DATA SECTION Start Marker

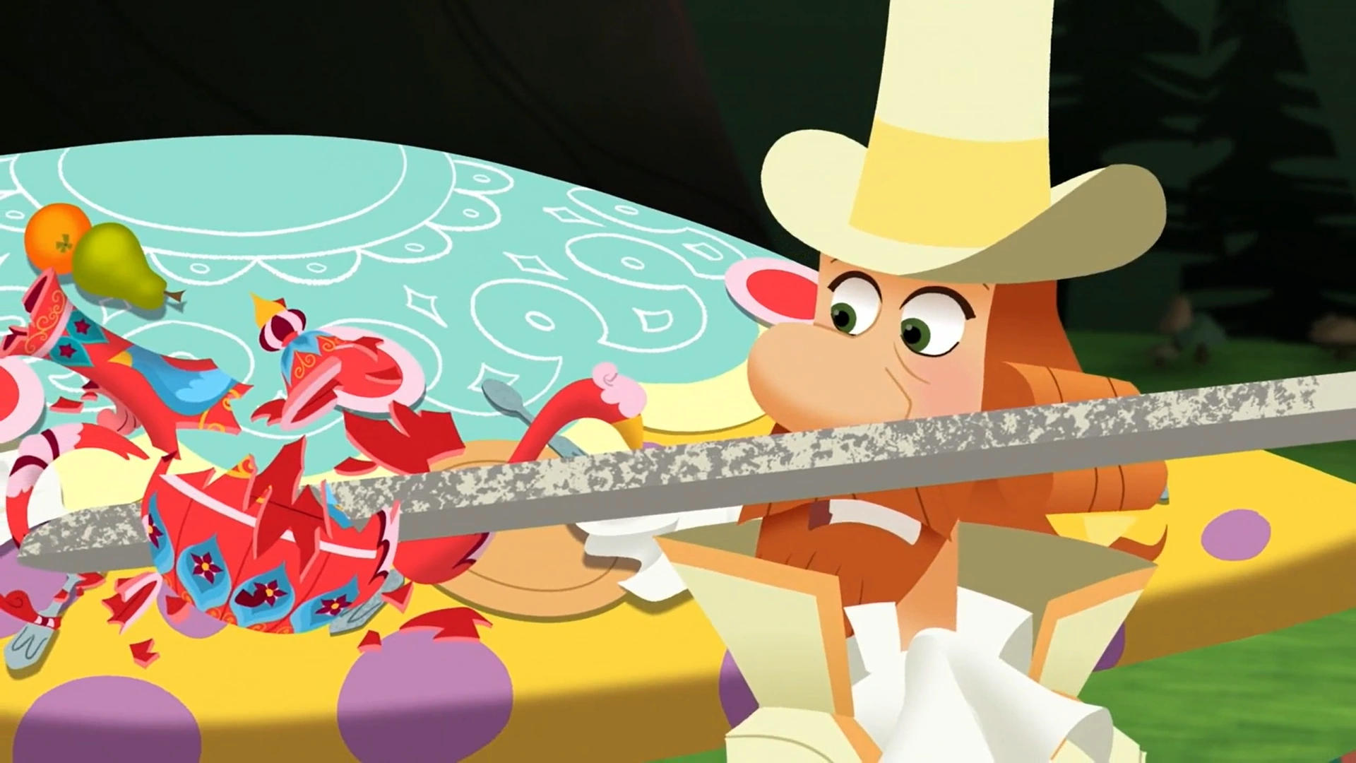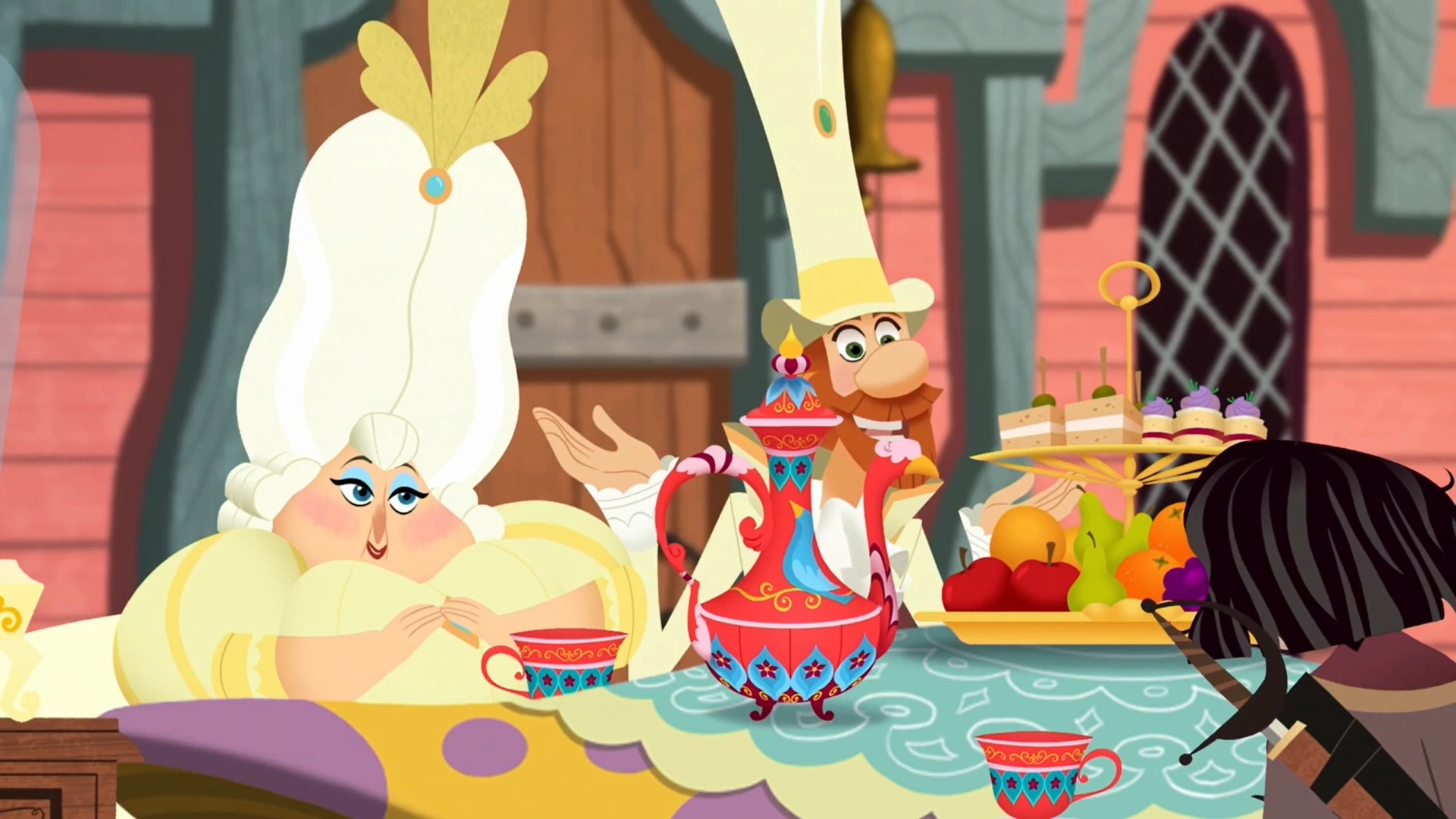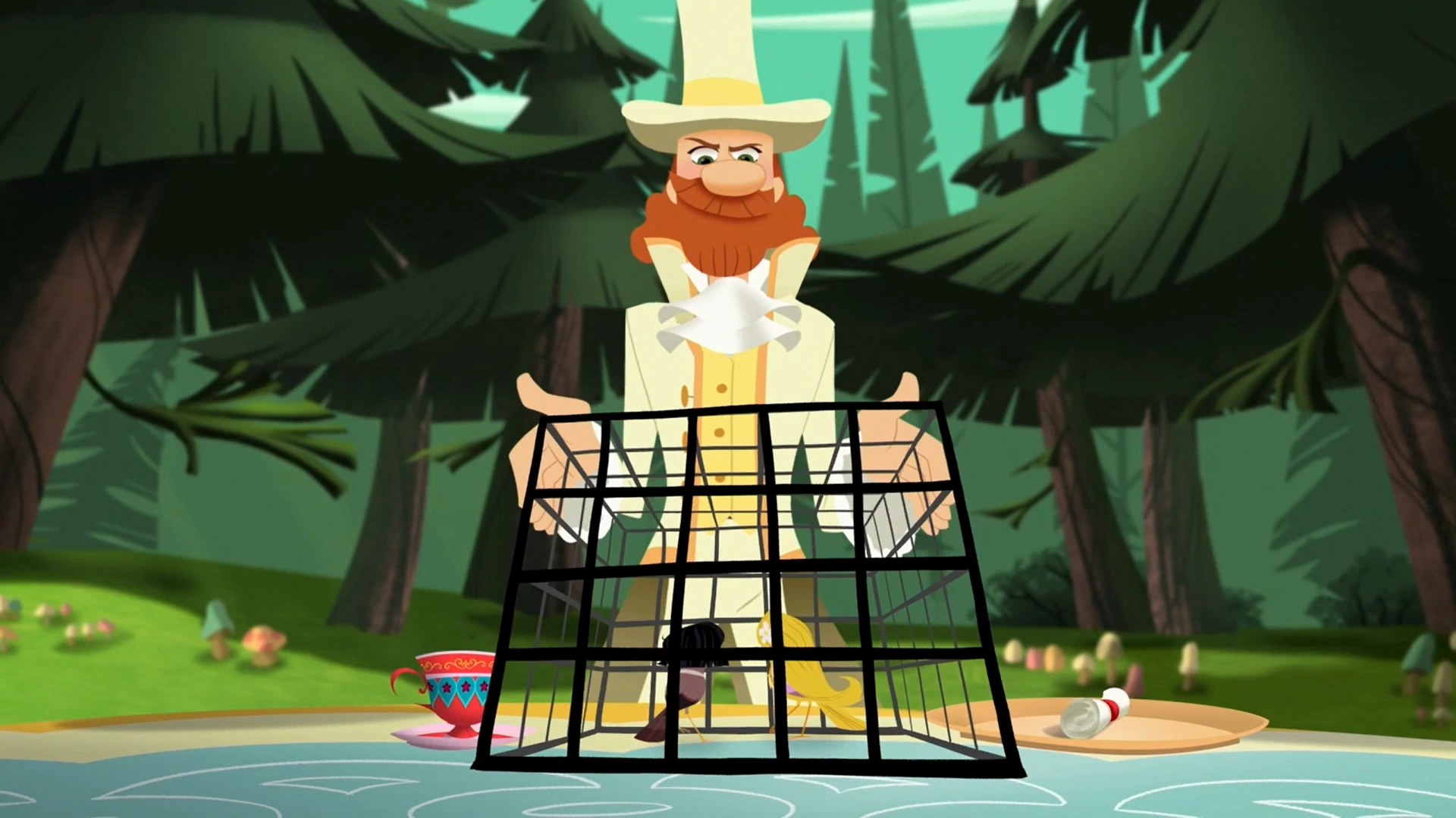 В лесу девушки находят полянку, на которой сидит пара странных людей, пьющих чай. Эти люди представляются как «Мать» и «Отец», после чего предлагают своим гостям попить с ними чай. «Мать» рассказывают им о том, что их чай необычный — он превращает людей в птиц. Рапунцель думает, что это шутка, но «Отец», к удивлению Рапунцель и Кассандры, превращается в птицу и предлагает им тоже попробовать стать летающими существами.
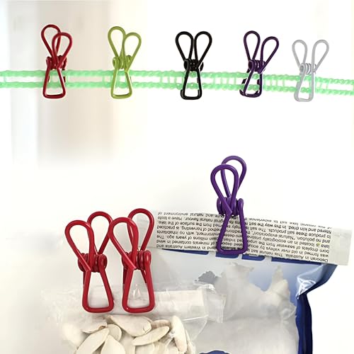 مشابك طعام وغسيل - مشابك ملونة من الستانلس ستيل مقاس 2 انش، متينة ومقاومة للماء للملابس واكياس الطعام وتنظيم الورق (10 قطع)
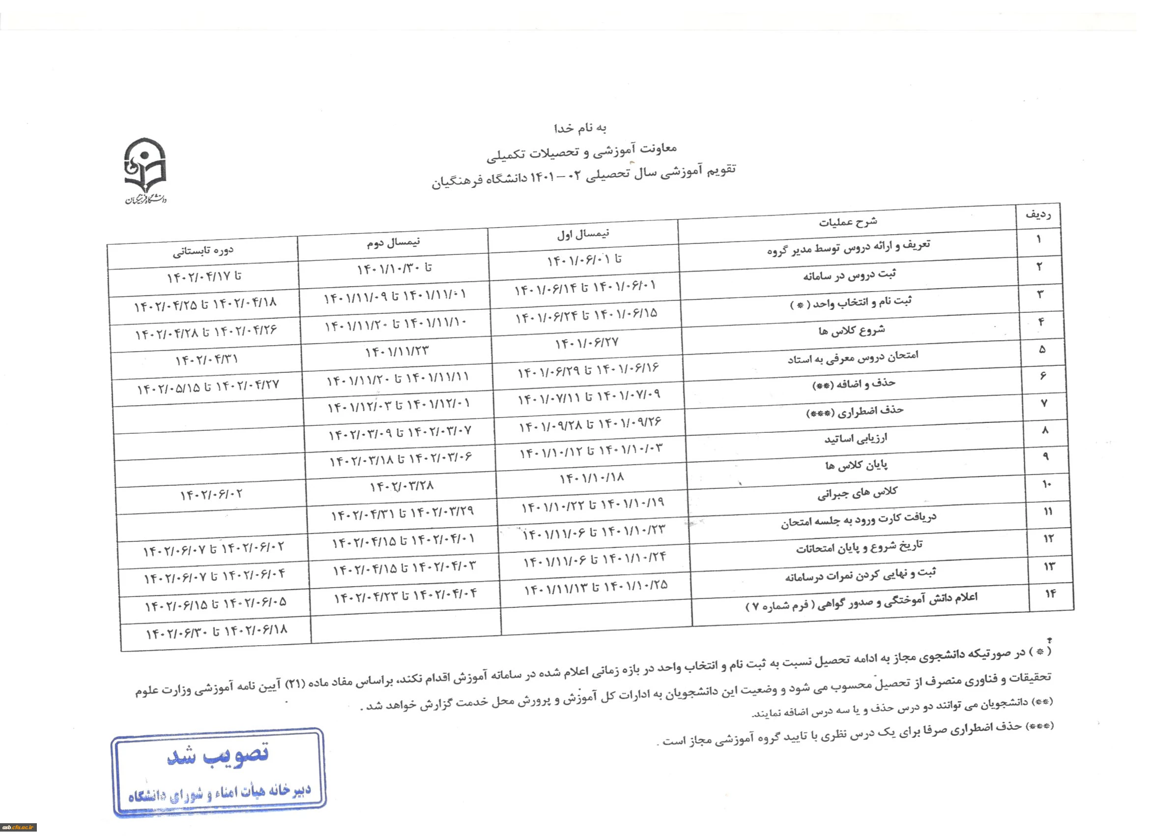 تقویم آموزشی سال تحصیلی 1402-1401 2
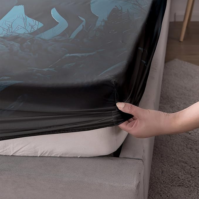 • ✔️【Full Size】: Experience luxury and softness with our Wolf fitted sheets. Crafted from 100% microfiber, they provide a cozy and breathable sleeping surface. The set includes 1 Fitted Sheet (54"W x 75"L x 16"H) and 2 pillowcases (20" x 30"). (No flat sheet)
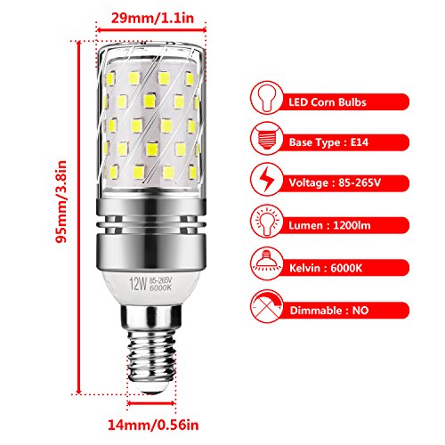 GEZEE LED Argento Mais lampadine E14 12W Small Edison Screw Equivalente a 100W 1200Lm Non Dimmerabile 6000K Bianco Freddo Lampadine a candela(4 pezzi)

DATA SECTION End Marker

◆ REQUIRED ACTION
Before printing anything, remove the pictures; then print all the records exactly.

◆ ANSWER TO THE EXERCISE
 В лесу девушки находят полянку, на которой сидит пара странных людей, пьющих чай. Эти люди представляются как «Мать» и «Отец», после чего предлагают своим гостям попить с ними чай. «Мать» рассказывают им о том, что их чай необычный — он превращает людей в птиц. Рапунцель думает, что это шутка, но «Отец», к удивлению Рапунцель и Кассандры, превращается в птицу и предлагает им тоже попробовать стать летающими существами.
 مشابك طعام وغسيل - مشابك ملونة من الستانلس ستيل مقاس 2 انش، متينة ومقاومة للماء للملابس واكياس الطعام وتنظيم الورق (10 قطع)
 تقویم آموزشی سال تحصیلی 1402-1401 2
 • ✔️【Full Size】: Experience luxury and softness with our Wolf fitted sheets. Crafted from 100% microfiber, they provide a cozy and breathable sleeping surface. The set includes 1 Fitted Sheet (54"W x 75"L x 16"H) and 2 pillowcases (20" x 30"). (No flat sheet)
 GEZEE LED Argento Mais lampadine E14 12W Small Edison Screw Equivalente a 100W 1200Lm Non Dimmerabile 6000K Bianco Freddo Lampadine a candela(4 pezzi)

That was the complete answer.